Authors Meny A , Hayat A, Eldigire M, Kaleem M, Alharbi N , Albaz N, Sami W 

Received 15 March 2023

Accepted for publication 23 June 2023

Published 30 June 2023 Volume 2023:14 Pages 685—691

DOI https://doi.org/10.2147/AMEP.S410793

Checked for plagiarism Yes

Review by Single anonymous peer review

Peer reviewer comments 2

Editor who approved publication: Dr Md Anwarul Azim Majumder



Areej Meny,1,2 Aalia Hayat,3 Mohamed Eldigire,2,4 Mohammed Kaleem,5 Nouf Alharbi,2,6 Noof Albaz,2,6 Waqas Sami7

1Department of Occupational Therapy, College of Applied Medical Sciences, King Saud bin Abdulaziz University for Health Sciences, Jeddah, Saudi Arabia; 2King Abduallah International Medical Research Center, Riyadh, Saudi Arabia; 3Department of Psychiatry, Maternity and Children Hospital, Makkah, Ministry of Health, Makkah, Saudi Arabia; 4Department of Basic Sciences, King Saud Bin Abdulaziz University for Health Sciences, Jeddah, Saudi Arabia; 5Department of Nursing, Alhajla Primary Care Center, Makkah, Ministry of Health, Makkah, Saudi Arabia; 6Department of Medical Education, College of Medicine, King Saud bin Abdulaziz University for Health Sciences, Jeddah, Saudi Arabia; 7Department of Pre-Clinical Affairs, College of Nursing, QU Health, Qatar University, Doha, Qatar

Correspondence: Areej Meny, Email [email protected]

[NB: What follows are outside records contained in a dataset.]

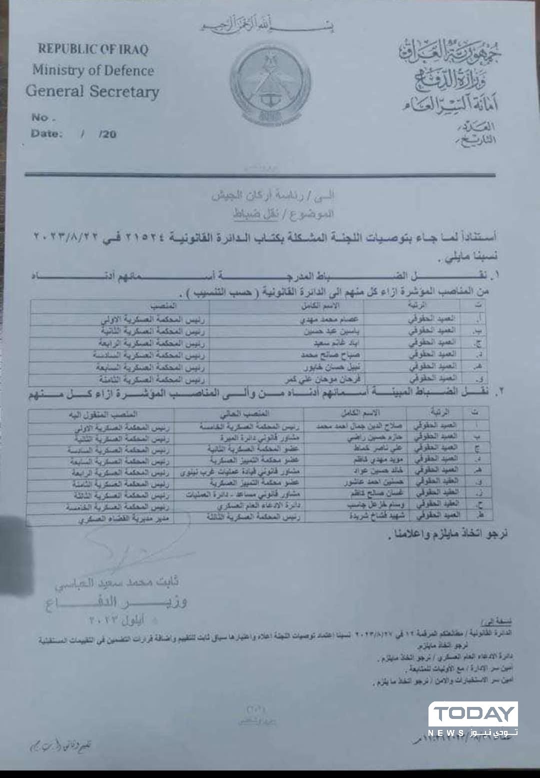 ويأتي ذلك، استناداً إلى ما جاء في توصيات اللجنة المشكلة بكتاب الدائرة القانونية يوم 22 آب 2023، بحسب وثيقة صادرة عن أمانة سر وزارة الدفاع ومرسلة الى رئاسة أركان الجيش، حصلت وكالة شفق نيوز على نسخة منها.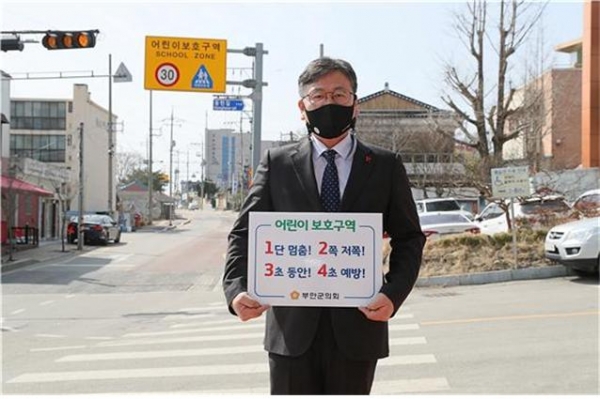 [한국Q뉴스] 부안군의회 이강세 의원이 지난 24일 안전한 등하굣길 조성과 어린이 교통사고 예방을 위한 ‘어린이 교통안전 릴레이 챌린지’ 캠페인에 동참했다.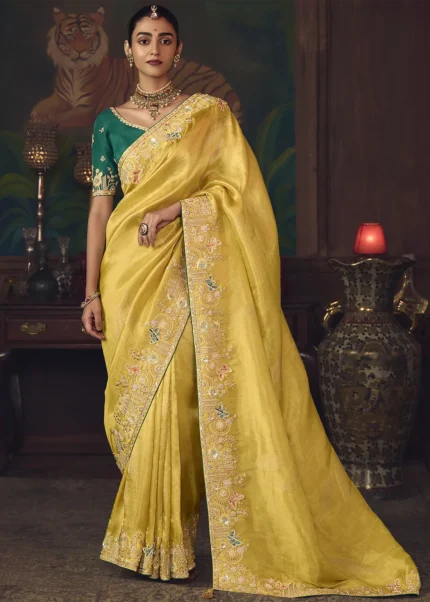 Aureolin Yellow Kanjivaram Silk Saree with Embroidery Work

Purpose: To compare the effectiveness of using role-play simulation as a possible alternative to real-patient training to teach transferal skills to occupational therapy students.
Patients and Methods: Seventy-one occupational therapy students (including those in their second, third and fourth years) participated in a quasi-experimental study. The students were randomly divided into two groups. One group received role-play simulation at the university. The other received training on real patients with mild to moderate stroke and spinal cord injury (one session/week for six weeks) in clinical (inpatient) settings in Jeddah to learn patient transferring skills. Student performance was taken as a measure of teaching method effectiveness, and was evaluated by using a validated OSCE-type assessment tool developed at the end of training. The tool showed good reliability (Cronbach’s α was > 0.7) and inter-reliability (Kappa < 0.001).
Results: A total number of 71 students participated in the study. The majority of the students were female (66.2%, N=47) and 33.8% (N=24) were male. About 33.8% (N=24) of students were in the second year, 29.6% (N=21) were in the third year and 36.6% (N=26) were in the fourth year. There were 36 (49.3%) students in the simulation group The mean age of the students was 20.70 (SD=1.2). There was no significant difference in the students’ performance in both groups with a P-value of 0.139. 
Conclusion: Role-play simulation can effectively be used for students’ training as there was no difference in the outcome of the students’ performance in patient transferring skills in both groups. This finding can help in designing and implementing training through simulation, especially in situations where training on severely ill patients may be a safety risk.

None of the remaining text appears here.